Thiruvananthapuram to Srinagar: Why Kashmir’s Political Moment has Arrived

GL Raina
giridharraina@gmail.com
Political change in India rarely begins with slogans; it begins with evidence. The BJP-led National Democratic Alliance’s decisive victory in the Thiruvananthapuram Municipal Corporation is not relevant to Kashmir because of geography, but because of pattern. It demonstrates how regions long declared politically “exceptional” eventually respond to the same forces-governance performance, institutional credibility, and voter fatigue with entrenched elites.
Kashmir has lived under the myth of political exceptionalism for decades. That myth is now fraying.
Kerala’s capital remained under uninterrupted Left control for 45 years-until voters dismantled that monopoly by awarding the NDA a clear mandate. This was not a sudden ideological conversion but the culmination of sustained public discontent with corruption, administrative stagnation, and concentration of power. Kashmiris would find this narrative uncomfortably familiar.
In Jammu & Kashmir, regional parties perfected a model of politics built not on delivery but on perpetual grievance. Anti-Delhi rhetoric substituted for accountability, while dynastic control hollowed out institutions. Governance failures were reframed as political victimhood, and underperformance was masked by identity mobilisation. Over time, this politics produced neither prosperity nor stability-only stagnation.
The early signs of political correction are now visible.
The BJP’s growing electoral footprint in Jammu & Kashmir-particularly beyond its traditional stronghold in Jammu-signals a slow but meaningful shift. Victories in District Development Council constituencies in the Kashmir Valley in 2020, and measurable vote shares in constituencies like Budgam despite coordinated opposition campaigns, mark a departure from the past. These numbers may appear modest in isolation, but politically they are foundational. Every entrenched political order collapses first at the margins.
Electoral data reinforces this trend. From a marginal vote share of just over 5 per cent in 1987, the BJP expanded to nearly 23 per cent and 25 Assembly seats in 2014, forming a government in alliance with the PDP. Since then, its presence has steadily broadened beyond traditional voter bases. This growth, as in Kerala, has been incremental, deliberate and organisationally driven.
The comparison with Kerala is instructive because it exposes a universal political truth: voters eventually prioritise governance over narrative. In Kerala, public anger against corruption scandals, declining service delivery, and administrative arrogance punctured decades of ideological dominance. In Kashmir, too, citizens are increasingly questioning the gap between political promises and lived reality-whether in employment, infrastructure, education, healthcare, or basic civic governance.

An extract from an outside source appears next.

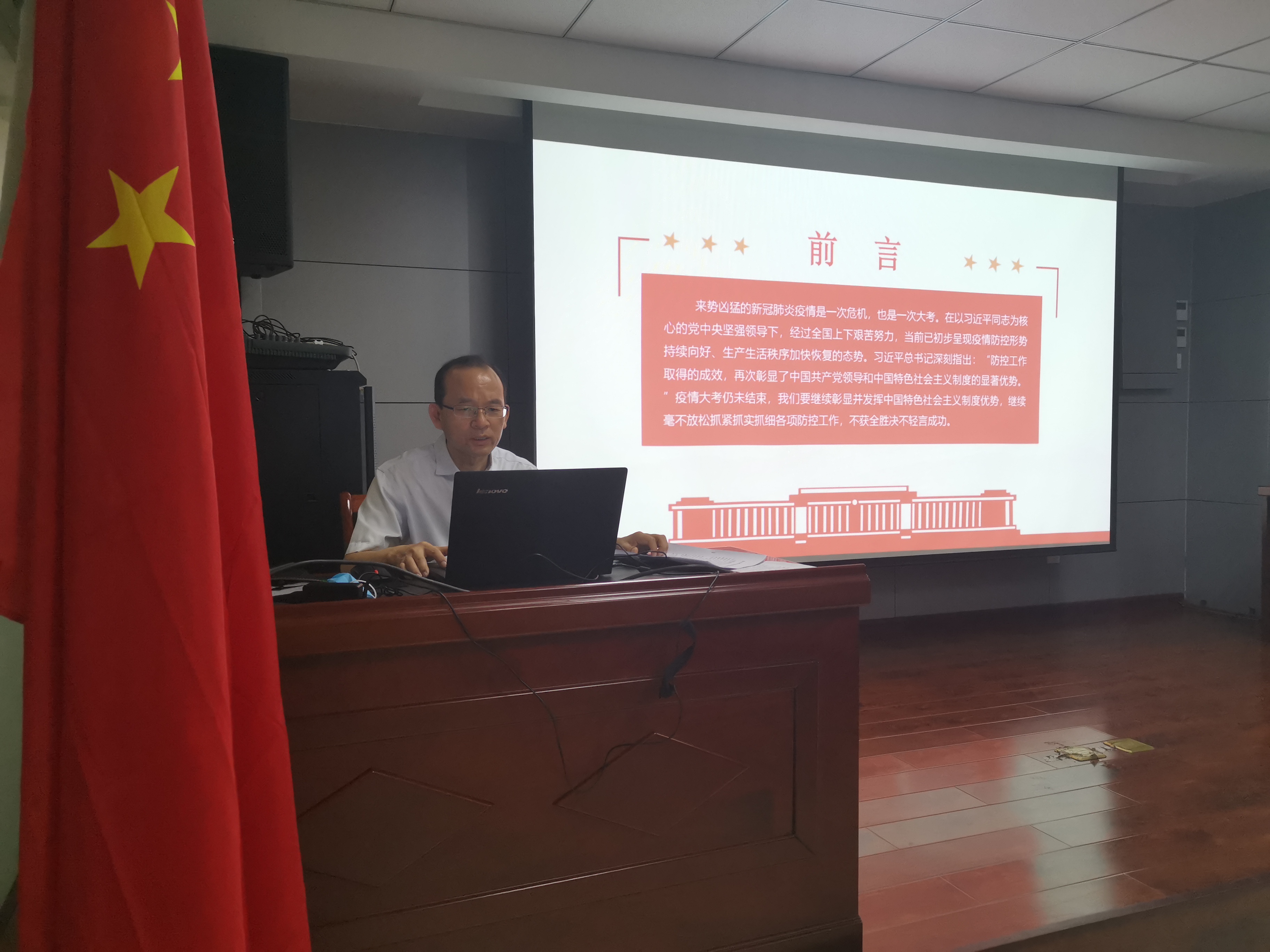 2020年7月2日上午,中共承德市國(guó)控投資集團(tuán)有限責(zé)任公司第二支部委員會(huì)支部書記焦俊良同志以“在大考中彰顯中國(guó)特色社會(huì)主義制度優(yōu)勢(shì)”為題,為全體支部黨員和入黨積極分子上了一堂別開生面的黨課。

A generational shift is particularly evident. Younger Kashmiris, digitally connected and nationally aware, are less receptive to inherited political loyalties. They compare governance outcomes across states. They measure governments by roads built, services delivered, and opportunities created-not by slogans or historical grievance. For them, politics is becoming transactional rather than emotional.

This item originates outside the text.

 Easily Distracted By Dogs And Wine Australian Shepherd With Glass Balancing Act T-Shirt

This is precisely where the BJP’s appeal gains relevance. The party’s emphasis on infrastructure development, direct welfare delivery, transparency, and institutional reform has altered expectations across India. Kashmir is no longer insulated from this national benchmark. The discourse is slowly moving from “who represents us” to “who performs for us.” That shift is politically transformative. Equally important is the erosion of credibility of traditional parties. Dynastic politics, corruption allegations, and chronic underperformance have created a trust deficit that anti-BJP rhetoric can no longer conceal. Repeating fear-based narratives may mobilise cadres, but it does not solve unemployment, improve schools, or attract investment. The lesson from Thiruvananthapuram Kerala is therefore not about ideology-it is about inevitability. Political monopolies collapse when governance credibility erodes. Kashmir is approaching that inflection point.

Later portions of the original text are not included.